I’m using a YoloV8 for detection of jellyfish from a live video feed. I’m recording at 30FPS, and I get each frame, then track the jellyfish, calculate the error, and move motors to track. Everything works great, but the inferencing time slows after long use.
My computer has a 3090, which I’m doing model.to(“cuda:0”) to use, it appears to be using when checking task manager performance.
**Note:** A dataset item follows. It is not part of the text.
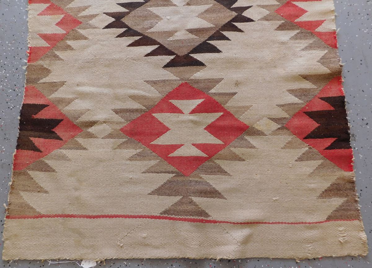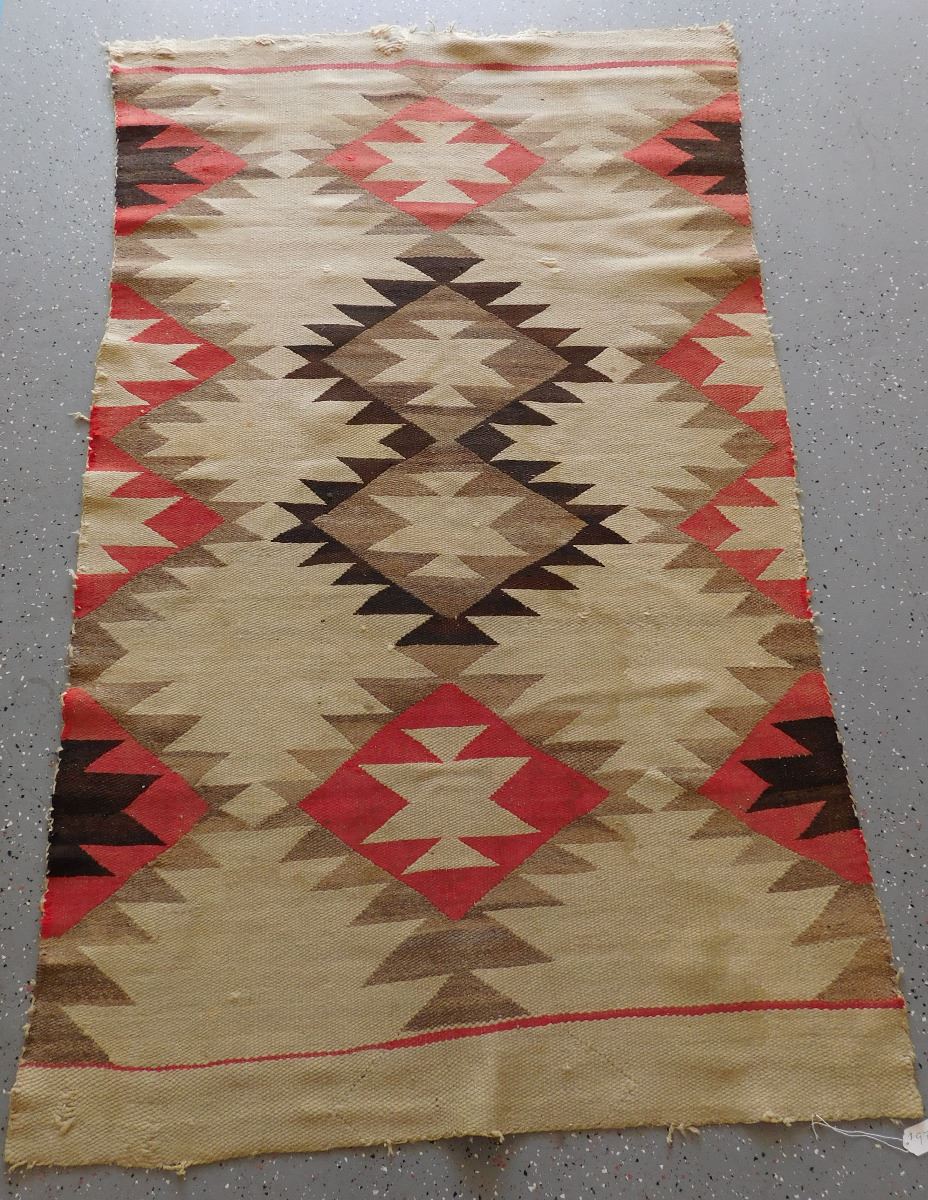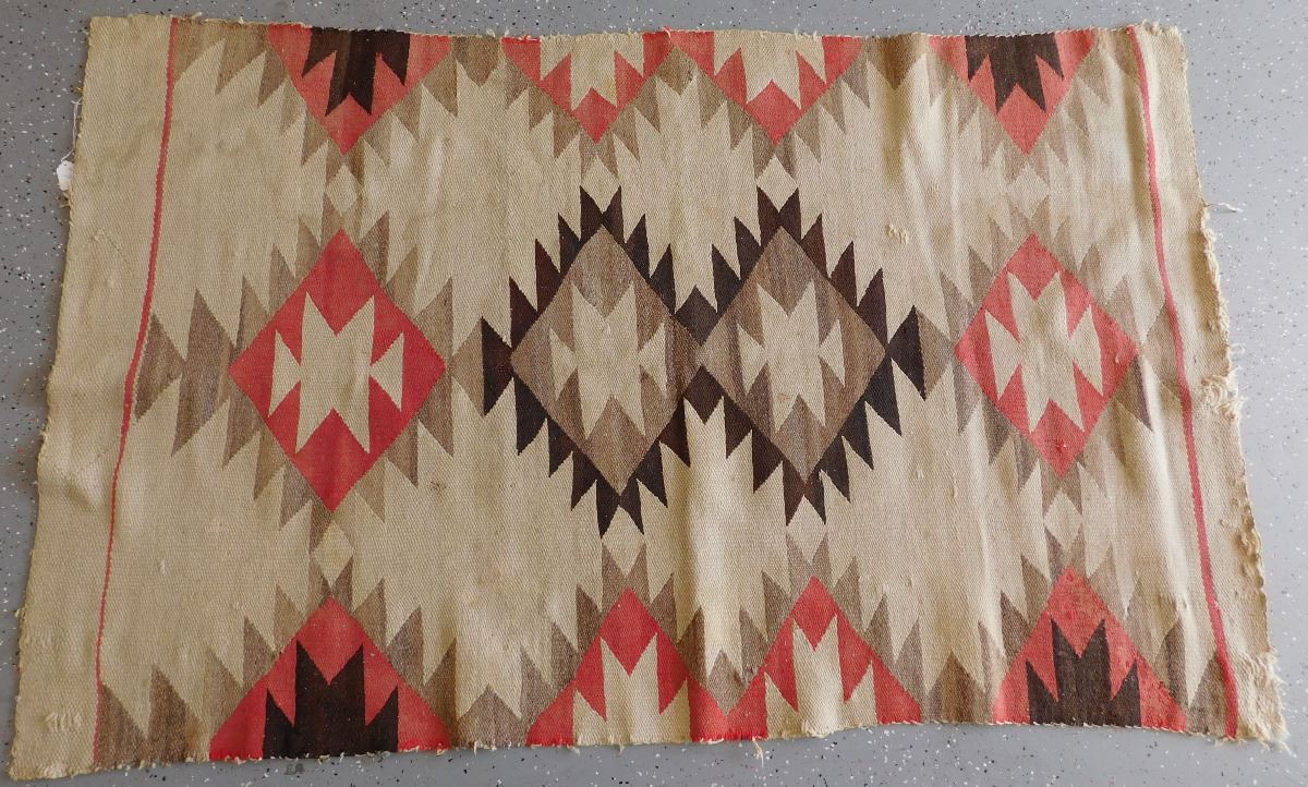 Transitional Navajo Weaving, circa 1890s. Made of wool and dye, this item measures 67" x 41". From New Mexico. No borders on this old weaving. Condition: Fair, some wear, see images. Shipping: $35.00.

Initially, I get print outs like this, everything working great:
0: 1024x1024 1 Jelly-Fish, 14.0ms
Speed: 5.7ms preprocess, 14.0ms inference, 1.3ms postprocess per image at shape (1, 3, 1024, 1024)
After 2 hrs or so I get:
0: 1024x1024 1 Jelly-Fish, 418.8ms
Speed: 22.9ms preprocess, 418.8ms inference, 41.7ms postprocess per image at shape (1, 3, 1024, 1024)
Code below
with torch.no_grad():
results = modelJF.predict(frame_resized, imgsz=1024, conf=0.25,iou=0.7,half=True,device=“cuda:0”, verbose=True)
I’ve tried
torch.cuda.empty_cache()
torch.cuda.synchronize()
or using tensors to try and use the mode without .predict, but none of that seems to be helping.